Six minutes into the Celtics’ season premiere Tuesday night, Gordon Hayward dislocated his ankle and broke his tibia. He will undergo surgery soon, and we should know more about a potential recovery within days. It’s likely to be quite bad news for Boston.
The NBA season is unforgiving, though. The Celtics had to finish the game against the three-time defending Eastern Conference champion Cavaliers on Tuesday, and they have another match on Wednesday. Injuries occur and the season marches on. There’s no time to recover mentally or strategically.
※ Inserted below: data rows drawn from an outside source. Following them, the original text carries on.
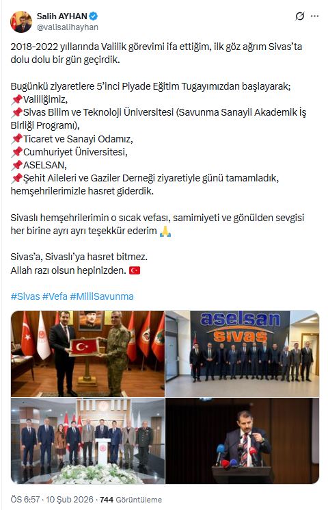 2018-2022 yılları arasında Sivas Valiliği görevini yürüttüğünü hatırlatan Ayhan, paylaşımında Sivas’ın kendisi için ayrı bir anlam taşıdığını ifade ederek şehirde dolu dolu bir gün geçirdiklerini vurguladı. Program kapsamında ilk olarak 5’inci Piyade Eğitim Tugayı’nı ziyaret eden Ayhan, daha sonra Sivas Valiliği, Sivas Bilim ve Teknoloji Üniversitesi’nde düzenlenen Savunma Sanayii Akademik İş Birliği Programı, Sivas Ticaret ve Sanayi Odası, Cumhuriyet Üniversitesi, ASELSAN ile Şehit Aileleri ve Gaziler Derneği’ni ziyaret etti.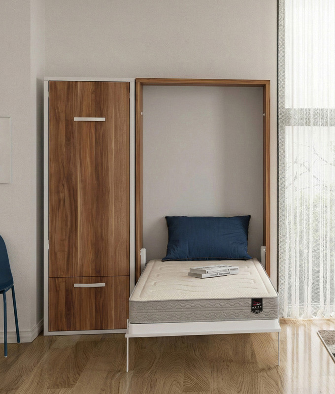 El mueble exterior está FABRICADO INTEGRAMENTE EN TABLERO MELAMÍNICO. La Estructura exterior fabricada en Colores Base y la puerta en Colores Base y Colores de Combinación. La cama tiene una APERTURA VERTICAL, permitiendo ocupar el mínimo espacio. EL CONJUNTO DISPONE DE SISTEMAS HIDRAULICOS DE ABATIMIENTO Y SE SUJETA A LA PARED MEDIANTE TACOS.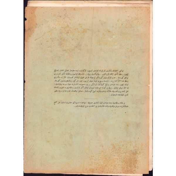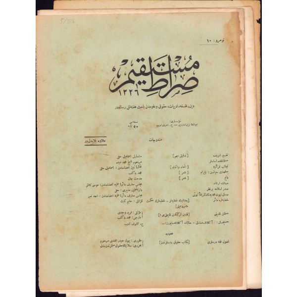 Mehmed Akif'in desteği ve başyazarlığı ile Eşref Edip tarafından yayımlanan dergi, İslam dünyasının uyanması ve yükselmesi için çalışmayı en kutsal görev bildiğini belirtmiş ve meşrutiyet yanlısı bir tavır benimsemiştir. Yazar kadrosunda Babanzade Ahmed Naim, Yusuf Akçuraoğlu, Şerefeddin Yaltkaya, İbrahim Alaeddin Gövsa gibi isimler yer aldığı derginin bu sayısında Şeyh Muhammed Abduh, Manastırlı İsmail Hakkı Mehmed Akif, Midhat Cemal ve Eşref Edib'e ait yazılar bulunmaktadır.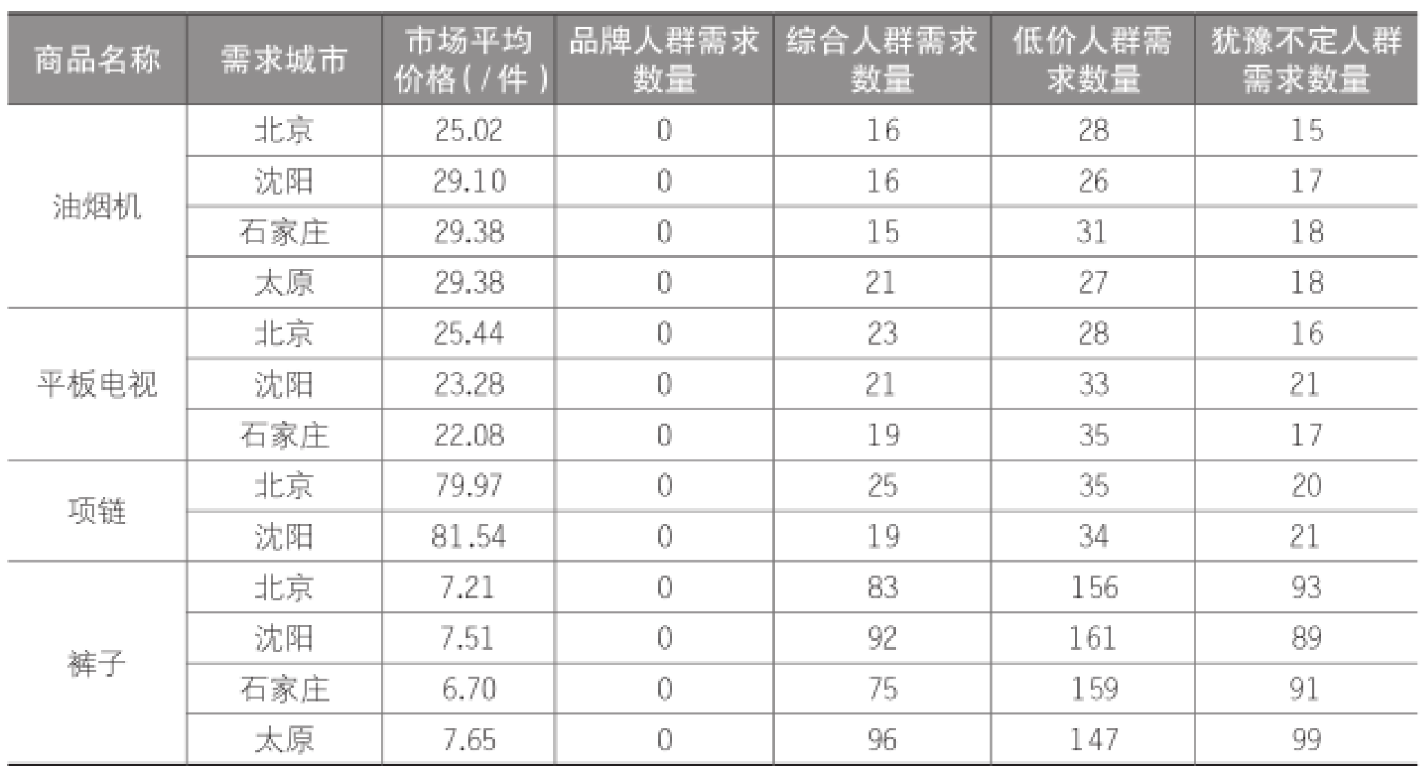 数据魔方提供的市场需求数据是不确定的,表2-5所示为第二轮第一期给出的市场需求数据,是基于某次10人组的经营数据,该数据仅供参考,具体数据以实际经营时系统提供的需求数据为准。

So what do the Celtics do now? This team had grand designs on repeating as No. 1 seed, winning another Atlantic Division banner, making the NBA Finals, maybe even challenging the hegemonic Warriors. Is all that shattered in one fall six minutes into the season?
Marcus Smart is ready
Hayward’s absence will likely push Marcus Smart into the starting five permanently alongside Kyrie Irving and Jaylen Brown on the wings. Smart has looked great in both the preseason and in Tuesday’s opener, despite shooting 0 for 4 from deep in Game 1.
Marcus bullies his way to the bucket pic.twitter.com/SL1My2zz9R— Boston Celtics (@celtics) October 18, 2017
The toughness he brings and his defensive versatility should mean there is limited drop-off from Hayward on that end of the floor. With Brown remaining in the starting five, there is strong wing defense for the Celtics.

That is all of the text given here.